AM: It was just the limited amounts of time. There's only twenty-four hours in the day, and I was doing lots of other things. At one point in my life, when I wasn't getting any writing done, I wondered if I was just being lazy, so I decided to try to write for two hours every single day. But it didn't work. If I was busy with other things until say four o'clock, then I'd be worried that I hadn't done anything yet. So maybe I'd push it back to ten o'clock in the evening, but then I'd only have two hours left before midnight, and I'd be so tired that I really couldn't think. So all my efforts at a self-imposed discipline were actually making things worse instead of better. So I gave up the idea and accepted the fact that I could work better and more efficiently on the vacations. There's just too much to do during the semesters as a university professor, and my wife and I had six children. But I have no regrets about anything.
WB: Many apocryphal stories have popped up in Canada about how your publisher, Douglas Gibson, finally got you to finish No Great Mischief. One story has him driving from Toronto to Windsor, sneaking into your office and stealing the manuscript, supposedly written on exam booklets. Another has him flying to Nova Scotia and literally pulling the manuscript from your grasp. Another involves a bribe of a bottle of whiskey. Gibson has written an interesting essay about the whole business that was published in Alistair MacLeod: Essays on His Work. But regardless of what really happened, there's still the lingering impression that you were reluctant to wrap up the novel. Is that true?
AM: Not really, it's just that Douglas wanted the novel before it was finished because he was trying to meet a publishing deadline.
WB: Did he have to wait very long?
AM: No, it all worked out just fine. He came to Windsor because of his deadline, and the novel was actually finished at that point, but I hadn't had the time to type a lot of it, so he said, "Just give me what you've got." Then he got a typist to type it up rather quickly, and I didn't mind at all since I had no intention of doing any revising at the typewriter.
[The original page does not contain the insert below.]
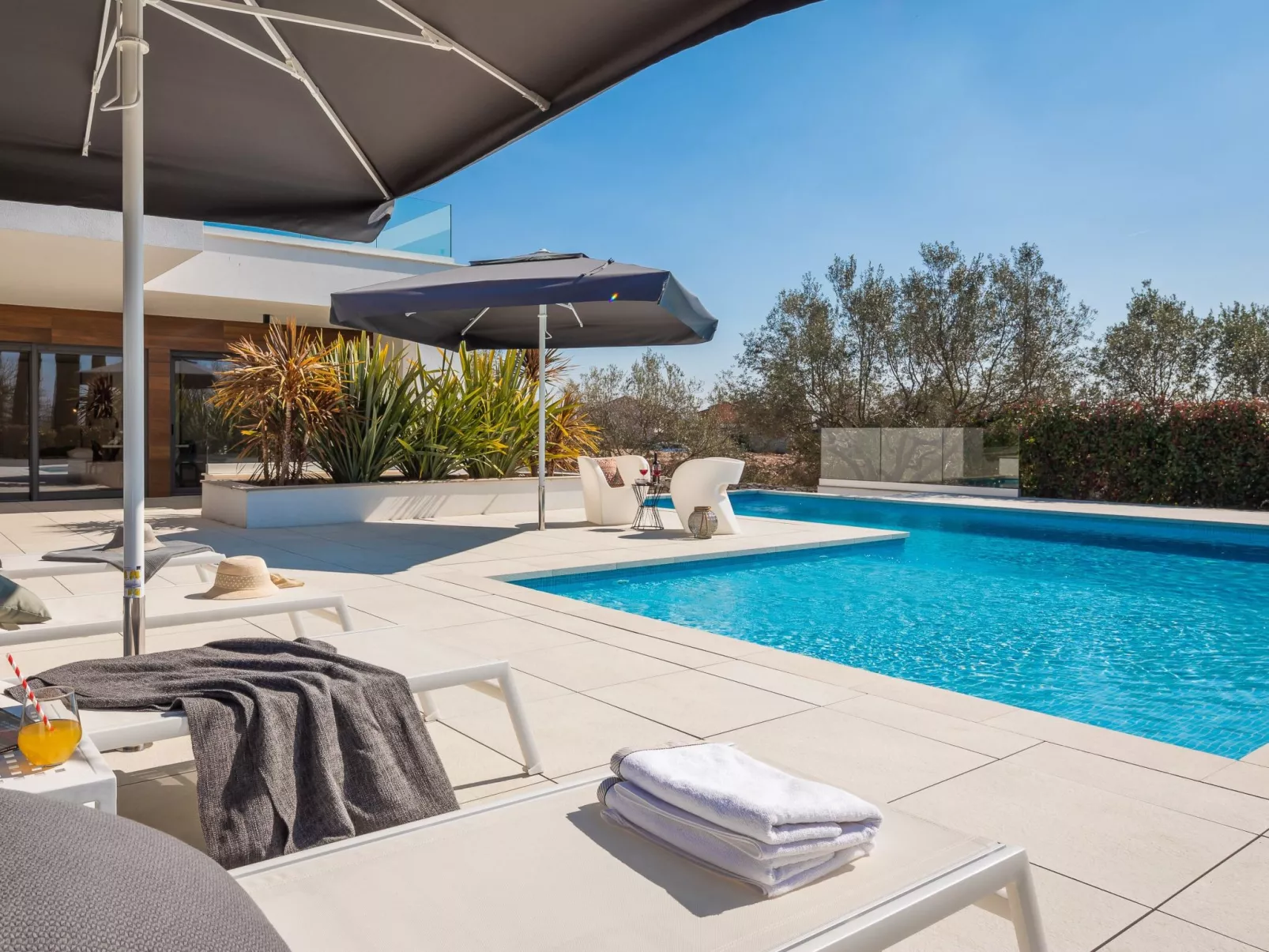 Vodnjan: Moderne villa "Old Olive I", van 3 verdiepingen. In het gehucht Salvela, 1 km van het centrum van Vodnjan, 7 km van het centrum van Fažana, 10 km van het centrum van Pula, zonnige ligging, 7 km van zee. Voor alleengebruik: terrein 1.000 m2 (omheind), tuin met planten en bomen, openluchtzwembad (65 m2, 30 - 140 cm diepte, seizoensgebonden beschikbaarheid: 01.Mrt. - 01.Nov.) met trap. Onregelmatig zwembad. WC bij het zwembad, buitendouche, hot tub, barbecue. In het huis: internetaansluiting, sauna, tafeltennis, biljart, tafelvoetbal, wasmachine, droger. Parkeerplaats (voor 3 auto's) bij het huis op het terrein. Winkel 1 km, supermarkt 1 km, restaurant 1.5 km, bushalte 1.4 km, kiezelstrand 7 km, strandbad 7 km. Golfterrein (18 holes) 7 km, tennis 2 km. Attracties in de buurt: NP Brijuni 7 km, Amphitheater 11 km. Groepen jongeren uitsluitend op aanvraag.

So I was very fortunate with the way things worked out, publishing my first novel at the age of sixty-two!
WB: I hope, now that you've retired from teaching, that there'll be many more stories and novels in the future, and I'd like to finish up today by asking you to read a passage from your story "The Road to Rankin's Point," which is about a sick young man of twenty-three who has only a few months to live and decides to visit his elderly grandmother.
AM: I'll be glad to read that passage:

"I rise and climb the steep road until I am standing at the cliff's edge which faces out to sea. I turn my head to the left and try to look up the coast to the home and buildings of Rankin's Point, but I cannot see in the darkness. For the first time in the centuries since the Scottish emigrations there is no human life at the end of this dark road. I turn again to the open sea and concentrate very hard on seeing something but it is no use. My grandmother cannot see Prince Edward Island now nor ever will again. I look down into the darkness beneath my feet but there too there is only a darkened void although I can hear the water lapping gently on the boulders far below."

WB: Thank you, Alistair, for your time and your wonderful writings.
AM: Thank you, Bill, and since your grandmother was a MacDonald, I'll finish up by saying, "My hope is constant in thee, Clan Donald."